По дороге домой он думал о молодой актрисе из квартиры с башней и ее “покровителе”. Представлял их встречу, их душевное состояние после разлуки – с ним самим бывало нечто похожее, если он несколько дней не видел Джун, охотясь по всей стране за беглыми преступниками. Если где-то что-то случалось, его звали иногда на подмогу. Скажем, если где-то похитили ребенка или ограбили сельскую почту. Большие преступления в мелких местечках. Радостные объятия, легкое смущение, можно подумать, не виделись лишь несколько дней – и вы снова чужие друг другу и остается одно из двух: заново влюбиться либо бежать без оглядки. Странное, головокружительное чувство, и с годами оно не притупилось. Он шел мимо красивых домов, обнесенных высокими стенами, строгих, облагороженных временем, и пытался вообразить, каково было бы встретить старость вместе с Джун. Обычная участь любящих пар, разве нет? Может быть, ковыляли бы вместе по врачам, зато наслаждались бы каждым отпущенным днем. Говорили бы о детях с трепетом и гордостью бывших наставников. Обо всем этом ему остается лишь гадать. Тебе выпадает жить либо умереть, третьего не дано. Человек, оставшийся, как он, без своей единственной – на что он теперь годен? Она бы всю жизнь помнила его молодым, или зрелым, как в шестидесятых. Она всегда повторяла, как абсолютную истину, что он “очень красивый мужчина”, хоть он и знал точно, что это не так. Но он ни за что бы не бросил женщину, что верит в это безоговорочно и считает красавцем его – грузного, с брюшком, с перебитым, как у боксера, носом.

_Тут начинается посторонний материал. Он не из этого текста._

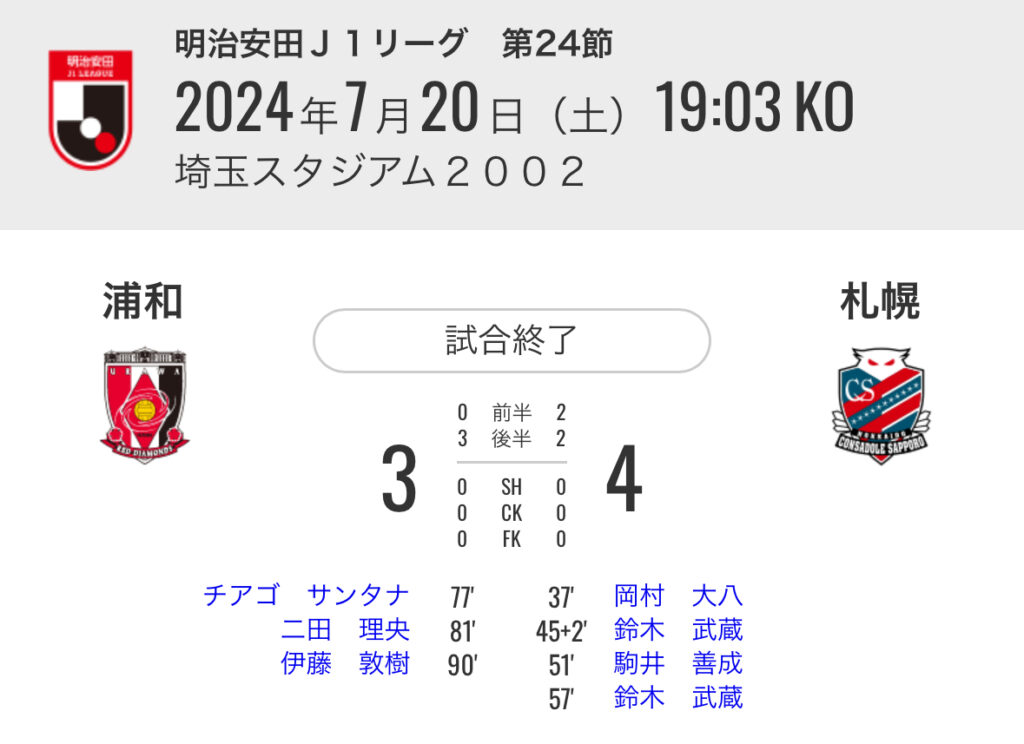 1: 久太郎 ★ 2024/07/20(土) 21:42:39.59 ID:QjF0PI2k9 浦和 3-4 札幌 [得点者] 37'岡村 大八 (札幌) 45+2'鈴木 武蔵 (札幌) 51'駒井 善成 (札幌) 57'鈴木 武蔵 (札幌) 77'チアゴ サンタナ(浦和) 81'二田 理央 ... -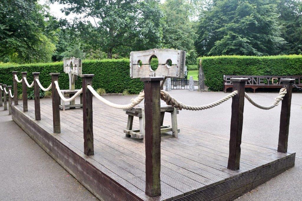 Nun aber endlich an die frische, wieder und noch trockene Luft. Wir wollten die uns zugestandenen 1 ½ Stunden Freizeit nicht im engen Turmaufgang verbringen sondern lieber die Gartenanlage genießen. Und beim Rundgang Kalorien abbauen. Vor dem Ausgang standen Vorrichtungen, die für die nicht auf die Obrigkeit Hörenden gedacht waren.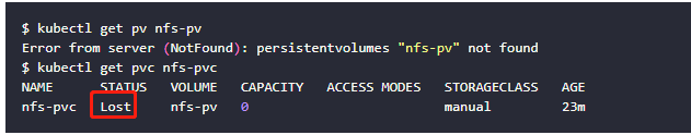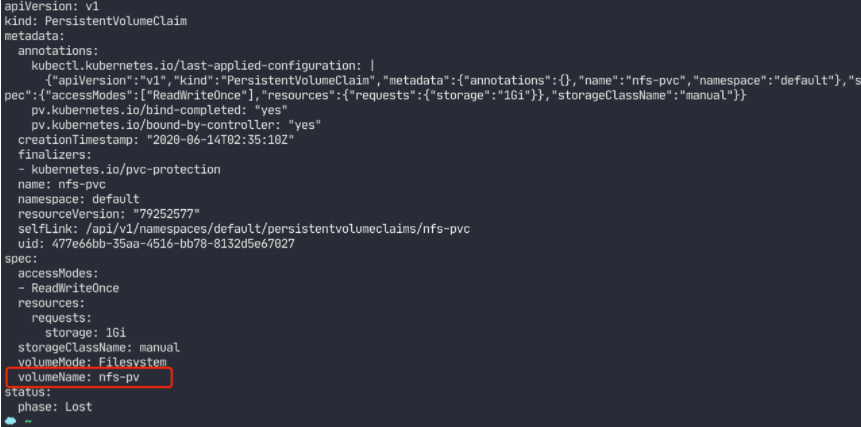 当pvc是Lost时,说明之前已经绑定的pv已经没有了,但是pvc里还有着pv的绑定信息,可以导看看情况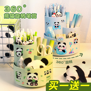 可爱熊猫笔筒!360度旋转笔筒儿童创意多功能文具收纳盒男孩女孩小学生桌

Сейчас он почти злился на нее – хоть и понимал, что это глупо, и знал, что огорчение и досада написаны сейчас у него на лице, только никто не видит, потому что вокруг никого, – за то, что она навсегда осталась в его памяти такой, какой была незадолго до смерти. Не молодой, не старой, но живой и прекрасной. На что тут досадовать? На кого он злится, за что? Это его долг – помнить ее. Его долг. Но он уже старик, старик, и никогда он не мечтал о другой. Он старик, а она умерла, и она уже никогда не состарится. Он с такой силой сжал кулаки, что ногти – черт, пора стричь! – впились в ладони. Он по-прежнему думал о Джун, образ ее витал перед ним. Ее талия, гладкий треугольник пониже поясницы, над расходящимися ягодицами… как кусочек мозаики. Как торчали у нее груди, когда он лежал на спине, а она была сверху – словно указывали на него как на ее избранника. Как от улыбки сияли, искрились ее зеленые глаза, лучились такой добротой, и была в ней бесинка, было в ней что-то беззаконное, особенно когда она кончала – чуть ли не по щекам готова была его отхлестать! И из-за чего она умерла? Что привело ее к гибели? Не что иное как самая низкая подлость, самая презренная гнусность. Ах, если бы только она была рядом, рядом!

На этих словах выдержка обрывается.